Previous weeks - New linear motion
New data type
After making a learning with simpler data and see that the performance is good we decided to complicate things to the network. For this I have established a new type of movements in space for the white point of the frames: linear movement which will combine with the URM movement in time.
In the following link you can find a description of this new type of images.
The way to obtain these new frames is the same as before, we set the position in x by means of a URM movement but this time, instead of maintaining the height of the object (position y) constant, we will modify it according to a function.
The problem that we can find in this type of samples is that we are modifying the height, a value that must be integer, by means of a function that accepts decimal values, which causes a rounding to be necessary. Depending on the sample, this rounding can make the movement not seem as natural as it would be because it is possible that the height does not change from one instant to the next.
Non Recurrent Neural Networks
First we do the training of non-recucurrent networks with the new type of data to check the scope they give us.
As in the URM case, I started training a 2D convolutional network whose structure can be seen in the following figure:
As in the two previous cases, the network manages to reduce and stabilize the loss function in only a few epochs but, because the sequences begin to get more complicated, this network is not able to capture 100% of the different movements.
In the next image you can see target frame in the samples where the errors (absolute and relative) are maximum. As we commented previously, the error committed is not null, although the maximum error committed is quite small.
To try to improve performance we tried to increase the number of samples, according to the complexity of the data, to be able to cover more examples and get the network to improve its learning. I used 5000 samples instead of 1000 and the same structure.
As the number of samples increases, the performance of the network improves and a greater stabilization of the same is achieved in the training.
In the next image you can see target frame in the samples where the errors (absolute and relative) are maximum. As in the case with less samples, the error committed is not null, although the maximum error committed is quite small. In addition, despite the fact that the maximum error is the same, the average error has decreased with increasing number of samples.
Recurrent Neural Networks
The performance obtained with the previous network can still be improved improved, so we chose to include the recurrent networks to try to improve it. I have used the following structure:
With the proposed structure the performance is not good and the error is very high.
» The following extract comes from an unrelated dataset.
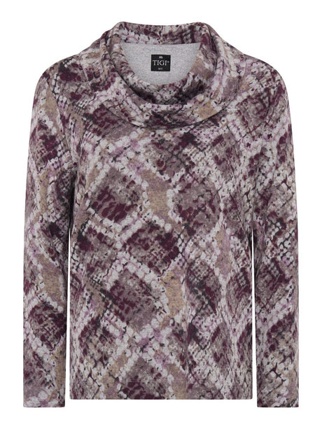 TIGI 10/12 Purple Mosaic Print Cowl Neck Top - T25-08C
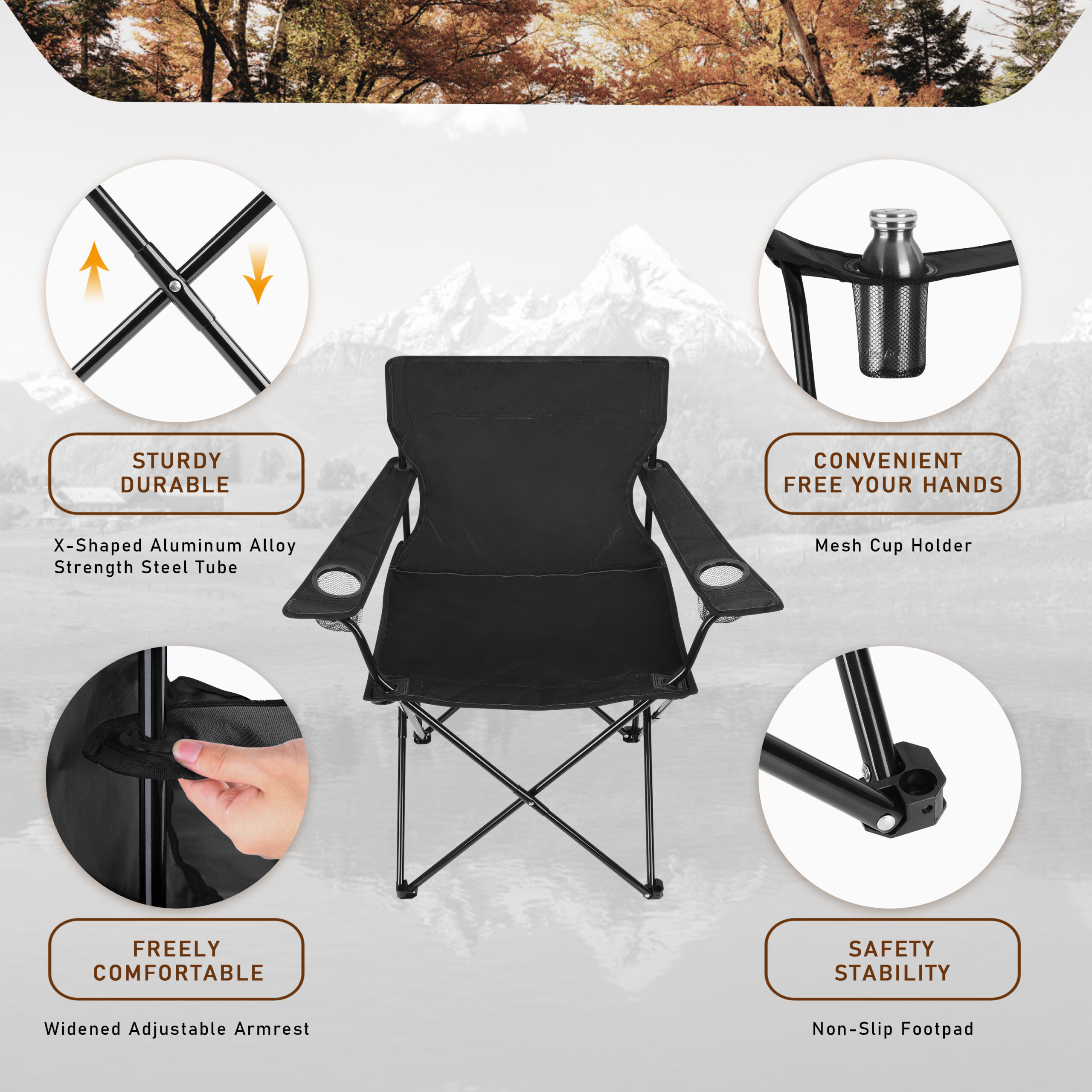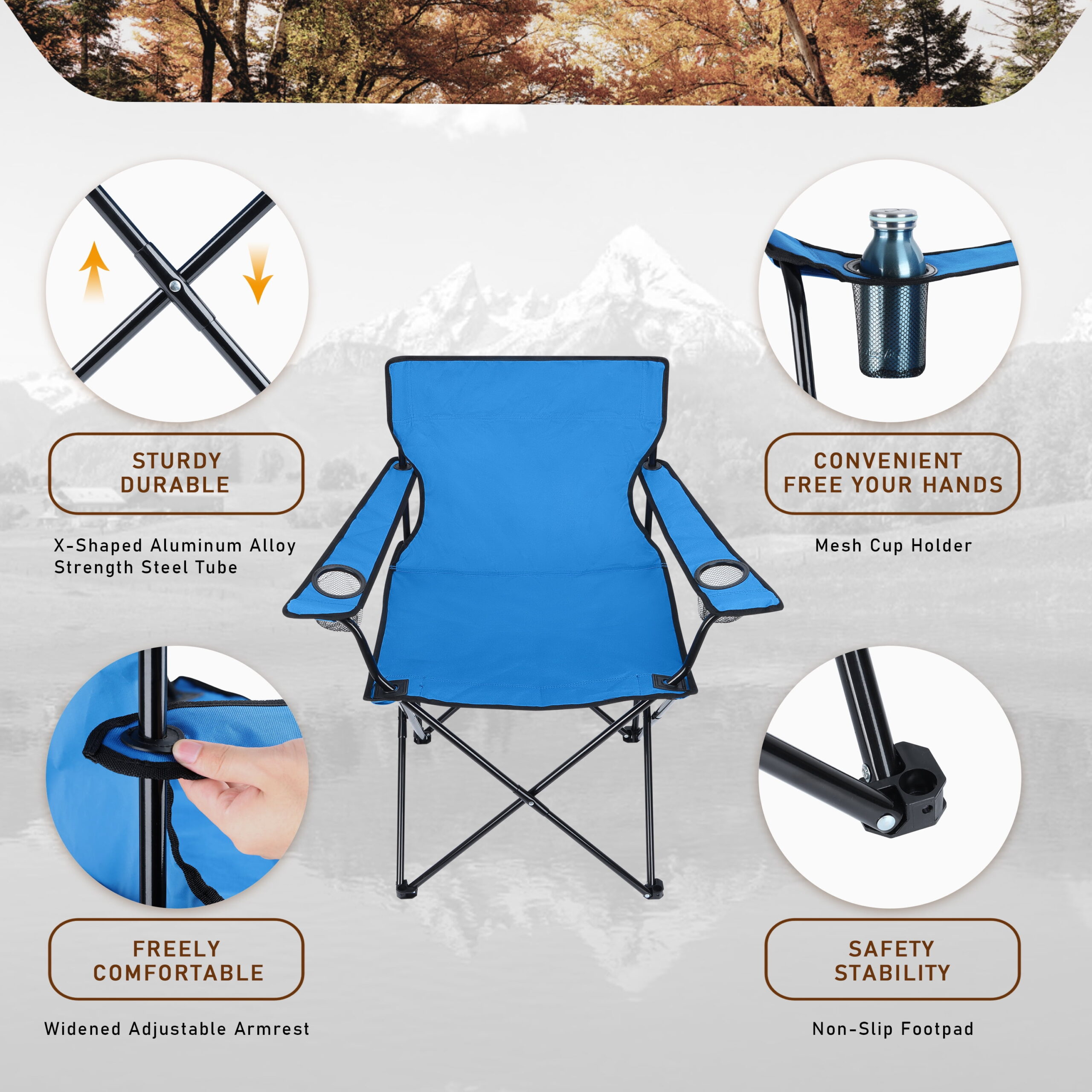 - Convenient Features: Includes two mesh cup holders for extra storage, adjustable armrests for added support, and non-slip mats on the reinforced chair legs for excellent grip and wear resistance.

In the next image you can see target frame in the samples where the errors (absolute and relative) are maximum. As I mentioned earlier, the error made with this network is excessively high.
Recurrent Neural Networks - New structure
In view of the results obtained previously I have replaced the simple LSTM layer with a ConvLSTM which computes convolutional operations in both the input and the recurrent transformations. The new structure is as follows:
With the new structure the performance of the network is improved and the results are practically the same as in the non-recurrent case that were pretty good
In the next image you can see target frame in the samples where the errors (absolute and relative) are maximum. The maximum error committed coincides with the non-recurrent case and in terms of the average a very similar result is obtained.